> [Task requirements]: The lines from the start of the data through the line containing "圖169 A 拋光的錐形幣模鍛件,幾十年一直保持不變;B" are to be reproduced exactly, both ends included.

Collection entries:
/---
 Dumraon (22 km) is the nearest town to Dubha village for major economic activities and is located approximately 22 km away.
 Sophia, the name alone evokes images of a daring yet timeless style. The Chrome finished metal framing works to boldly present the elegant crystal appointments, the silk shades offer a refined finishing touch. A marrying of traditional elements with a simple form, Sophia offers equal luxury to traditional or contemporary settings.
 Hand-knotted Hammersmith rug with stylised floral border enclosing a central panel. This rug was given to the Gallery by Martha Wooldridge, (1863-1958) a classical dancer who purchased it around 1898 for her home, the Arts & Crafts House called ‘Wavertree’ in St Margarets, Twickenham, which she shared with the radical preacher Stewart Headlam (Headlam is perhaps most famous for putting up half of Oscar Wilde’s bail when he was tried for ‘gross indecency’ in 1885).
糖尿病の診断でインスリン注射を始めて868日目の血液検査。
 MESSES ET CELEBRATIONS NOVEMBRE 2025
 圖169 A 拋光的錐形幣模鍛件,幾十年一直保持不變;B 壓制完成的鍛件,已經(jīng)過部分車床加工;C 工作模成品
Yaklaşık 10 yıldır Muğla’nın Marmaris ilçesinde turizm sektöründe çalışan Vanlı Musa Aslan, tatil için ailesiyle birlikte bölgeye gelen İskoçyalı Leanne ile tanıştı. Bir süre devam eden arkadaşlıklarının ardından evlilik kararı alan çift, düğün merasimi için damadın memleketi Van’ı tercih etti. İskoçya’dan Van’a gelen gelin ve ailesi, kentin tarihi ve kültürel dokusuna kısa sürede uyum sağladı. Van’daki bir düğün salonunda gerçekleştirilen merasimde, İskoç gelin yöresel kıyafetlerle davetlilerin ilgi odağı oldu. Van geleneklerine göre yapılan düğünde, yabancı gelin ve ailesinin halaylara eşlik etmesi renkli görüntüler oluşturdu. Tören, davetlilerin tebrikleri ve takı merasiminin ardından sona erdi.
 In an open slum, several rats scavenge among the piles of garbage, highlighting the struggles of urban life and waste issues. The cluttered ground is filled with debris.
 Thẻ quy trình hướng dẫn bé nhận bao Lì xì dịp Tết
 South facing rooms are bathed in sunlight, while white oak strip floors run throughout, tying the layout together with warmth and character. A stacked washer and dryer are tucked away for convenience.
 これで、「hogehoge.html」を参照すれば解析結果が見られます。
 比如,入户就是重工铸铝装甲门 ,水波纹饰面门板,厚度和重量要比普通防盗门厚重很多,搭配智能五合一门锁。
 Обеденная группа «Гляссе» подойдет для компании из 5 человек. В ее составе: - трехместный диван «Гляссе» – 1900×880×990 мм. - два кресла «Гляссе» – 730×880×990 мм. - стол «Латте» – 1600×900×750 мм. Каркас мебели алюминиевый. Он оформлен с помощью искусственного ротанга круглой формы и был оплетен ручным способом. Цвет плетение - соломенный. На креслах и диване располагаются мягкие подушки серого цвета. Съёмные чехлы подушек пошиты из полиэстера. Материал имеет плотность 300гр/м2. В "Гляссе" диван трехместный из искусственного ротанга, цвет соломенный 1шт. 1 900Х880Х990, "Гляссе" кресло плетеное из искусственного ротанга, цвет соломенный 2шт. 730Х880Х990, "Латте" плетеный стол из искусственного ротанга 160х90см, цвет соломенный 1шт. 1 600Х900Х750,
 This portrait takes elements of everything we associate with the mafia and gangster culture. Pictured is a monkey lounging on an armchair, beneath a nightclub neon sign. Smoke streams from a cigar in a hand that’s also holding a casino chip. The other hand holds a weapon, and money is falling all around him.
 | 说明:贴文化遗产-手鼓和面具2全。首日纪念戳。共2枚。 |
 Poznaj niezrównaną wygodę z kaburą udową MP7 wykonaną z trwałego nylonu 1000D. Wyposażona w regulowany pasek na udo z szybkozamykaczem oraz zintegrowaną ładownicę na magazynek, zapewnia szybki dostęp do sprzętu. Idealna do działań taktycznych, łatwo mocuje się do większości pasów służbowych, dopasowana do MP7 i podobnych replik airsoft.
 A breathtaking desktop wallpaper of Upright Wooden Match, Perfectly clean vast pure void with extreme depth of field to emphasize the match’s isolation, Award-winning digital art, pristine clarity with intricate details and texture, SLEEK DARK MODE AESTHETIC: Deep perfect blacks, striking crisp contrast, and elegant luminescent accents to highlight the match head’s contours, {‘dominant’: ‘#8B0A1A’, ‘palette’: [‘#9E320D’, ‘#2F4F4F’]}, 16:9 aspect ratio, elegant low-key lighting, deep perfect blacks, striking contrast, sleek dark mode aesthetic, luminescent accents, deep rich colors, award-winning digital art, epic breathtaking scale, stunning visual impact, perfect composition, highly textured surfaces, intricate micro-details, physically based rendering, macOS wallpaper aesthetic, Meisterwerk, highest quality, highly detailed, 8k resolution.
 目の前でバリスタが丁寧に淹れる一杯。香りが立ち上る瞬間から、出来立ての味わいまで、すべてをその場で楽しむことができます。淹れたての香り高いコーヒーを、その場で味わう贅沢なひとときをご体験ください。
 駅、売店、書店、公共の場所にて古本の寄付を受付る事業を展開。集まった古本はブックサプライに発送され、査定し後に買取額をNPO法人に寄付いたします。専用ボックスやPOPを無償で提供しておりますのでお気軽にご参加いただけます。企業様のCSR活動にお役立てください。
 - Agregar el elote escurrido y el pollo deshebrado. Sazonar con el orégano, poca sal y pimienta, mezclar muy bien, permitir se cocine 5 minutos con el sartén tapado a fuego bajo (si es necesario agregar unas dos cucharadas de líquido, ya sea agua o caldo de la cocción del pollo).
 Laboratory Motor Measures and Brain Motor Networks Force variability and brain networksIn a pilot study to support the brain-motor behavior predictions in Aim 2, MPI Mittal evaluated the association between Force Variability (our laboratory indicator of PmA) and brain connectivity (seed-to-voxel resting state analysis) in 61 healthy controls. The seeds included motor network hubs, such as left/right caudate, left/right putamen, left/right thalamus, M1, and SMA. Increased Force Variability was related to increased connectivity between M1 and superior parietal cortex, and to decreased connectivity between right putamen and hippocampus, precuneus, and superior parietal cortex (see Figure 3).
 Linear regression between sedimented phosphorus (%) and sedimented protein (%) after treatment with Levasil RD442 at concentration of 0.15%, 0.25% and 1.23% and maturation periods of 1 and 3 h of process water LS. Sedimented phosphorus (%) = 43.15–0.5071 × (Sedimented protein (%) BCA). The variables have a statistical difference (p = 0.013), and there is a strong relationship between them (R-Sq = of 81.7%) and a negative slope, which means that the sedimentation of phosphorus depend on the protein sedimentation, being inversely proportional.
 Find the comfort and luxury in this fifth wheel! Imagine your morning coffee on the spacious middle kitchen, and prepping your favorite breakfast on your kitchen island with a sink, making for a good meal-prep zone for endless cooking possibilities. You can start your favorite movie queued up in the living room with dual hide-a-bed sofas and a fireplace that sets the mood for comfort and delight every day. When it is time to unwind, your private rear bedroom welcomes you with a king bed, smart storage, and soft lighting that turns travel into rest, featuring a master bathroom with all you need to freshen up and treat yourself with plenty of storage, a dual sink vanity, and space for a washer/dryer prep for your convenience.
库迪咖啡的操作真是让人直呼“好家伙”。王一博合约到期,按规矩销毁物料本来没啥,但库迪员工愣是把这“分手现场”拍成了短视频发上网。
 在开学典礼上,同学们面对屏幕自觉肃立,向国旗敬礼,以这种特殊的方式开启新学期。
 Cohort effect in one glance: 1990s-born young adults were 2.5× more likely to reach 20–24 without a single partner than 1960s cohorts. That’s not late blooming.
\---
> [Written response]:
 Dumraon (22 km) is the nearest town to Dubha village for major economic activities and is located approximately 22 km away.
 Sophia, the name alone evokes images of a daring yet timeless style. The Chrome finished metal framing works to boldly present the elegant crystal appointments, the silk shades offer a refined finishing touch. A marrying of traditional elements with a simple form, Sophia offers equal luxury to traditional or contemporary settings.
 Hand-knotted Hammersmith rug with stylised floral border enclosing a central panel. This rug was given to the Gallery by Martha Wooldridge, (1863-1958) a classical dancer who purchased it around 1898 for her home, the Arts & Crafts House called ‘Wavertree’ in St Margarets, Twickenham, which she shared with the radical preacher Stewart Headlam (Headlam is perhaps most famous for putting up half of Oscar Wilde’s bail when he was tried for ‘gross indecency’ in 1885).
糖尿病の診断でインスリン注射を始めて868日目の血液検査。
 MESSES ET CELEBRATIONS NOVEMBRE 2025
 圖169 A 拋光的錐形幣模鍛件,幾十年一直保持不變;B 壓制完成的鍛件,已經(jīng)過部分車床加工;C 工作模成品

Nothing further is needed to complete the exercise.